The thresholds for “grassroots fundraising” didn’t change that much: Candidates must now show they have at some point in the cycle raised money from 160,000 donors (as opposed to 130,000, previously) with at least 600 (previously 400) in 20 states. While the new thresholds could distort fundraising efforts for more marginal candidates, it’s unlikely any of those on the October stage will fall off in November because of fundraising — unless they just run out of money and drop out of the race (as Cory Booker’s campaign has said might happen to him if it doesn’t reach its third-quarter money goals).
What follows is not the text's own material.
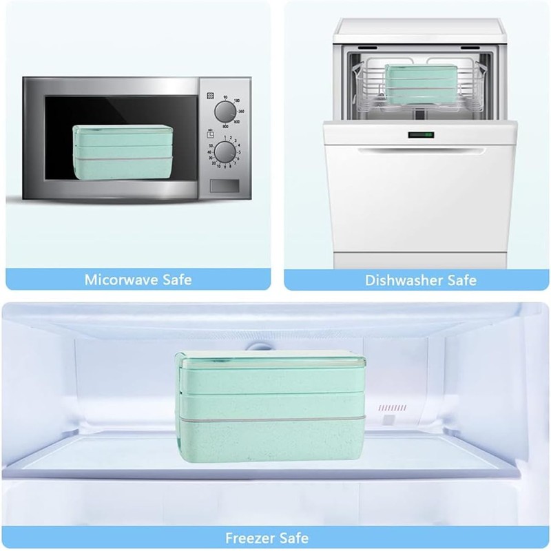 - 【3-In-1 Stackable Lunch Box】A bento box comes with a spoon. 3 separate compartments portioned perfectly according to your daily nutrition. (Note: Please remove the lids when put in the microwave & dishwasher).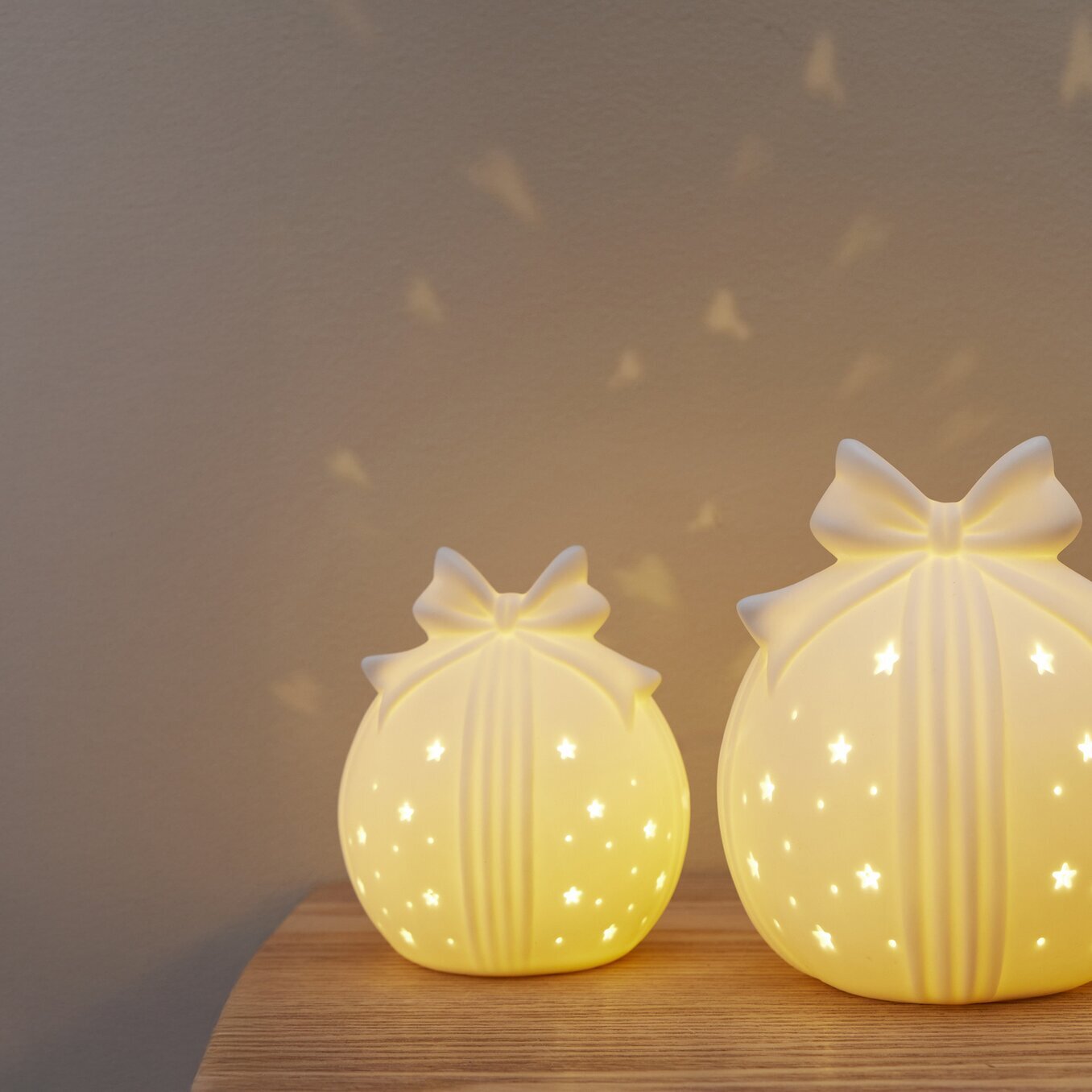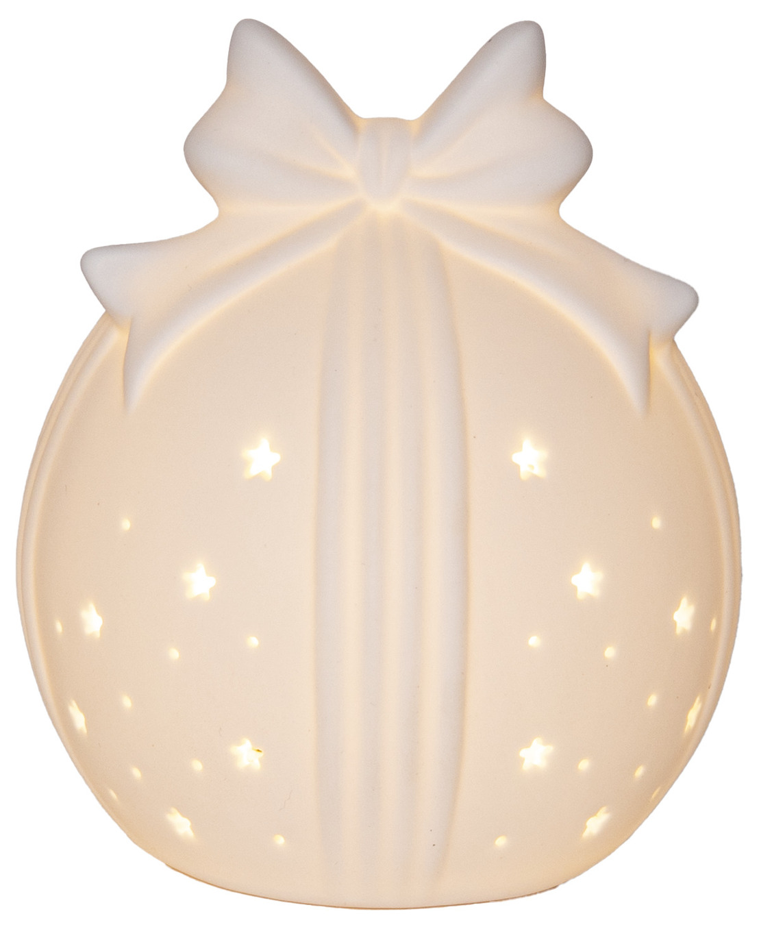En vacker bordsdekoration i vitt porslin som sprider ett varmt, stämningsfullt sken genom små utskurna stjärnor. Den formade rosetten upptill ger ett elegant och lekfullt uttryck – perfekt till julbordet, fönsterbrädan eller som en mysig detalj året runt.

Nor will the new polling requirements (3 percent in four specified national or early state polls, or 5 percent in two early state polls, beginning with polls taken last week and running until seven days before the November debate) represent a problem for the stronger candidates, who almost always poll above three percent (a group that currently includes Joe Biden, Elizabeth Warren, Bernie Sanders, Pete Buttigieg, and Kamala Harris. But some next-tier hopefuls could experience some problems. There have been only three qualifying debates so far: two national surveys (NBC News/Wall Street Journal and Fox News) and one from Iowa (Ann Selzer’s poll for the Des Moines Register, CNN, and Mediacom). Booker has met the new threshold in two of them; Amy Klobuchar, Beto O’Rourke, and Andrew Yang have met it in one. October debate qualifier Tom Steyer and possible qualifier Tulsi Gabbard haven’t met any so far; nor have the other candidates who failed to qualify for September.
The new higher but narrower qualifying option for early-state polls is probably tailor-made for Steyer, who can just pick a state or two and spend tens of millions of dollars on ads there. It could also help Klobuchar, who’s predictably doing better in Iowa than she is nationally or in other early states.
All in all, the new qualifying thresholds are mostly of interest to those who are shrieking in anguish at the likely reappearance of a second debate night in October. The odds are reasonably good that at least one or two October qualifiers won’t make it past the higher thresholds and will put the debate stage far beyond reach of the bottom-feeders who stubbornly refuse to drop out. Maybe for its next debate, in December, the DNC could help us out by administering a lie-detector test to see which candidates really believe they have a prayer of finishing in the top six or so in Iowa.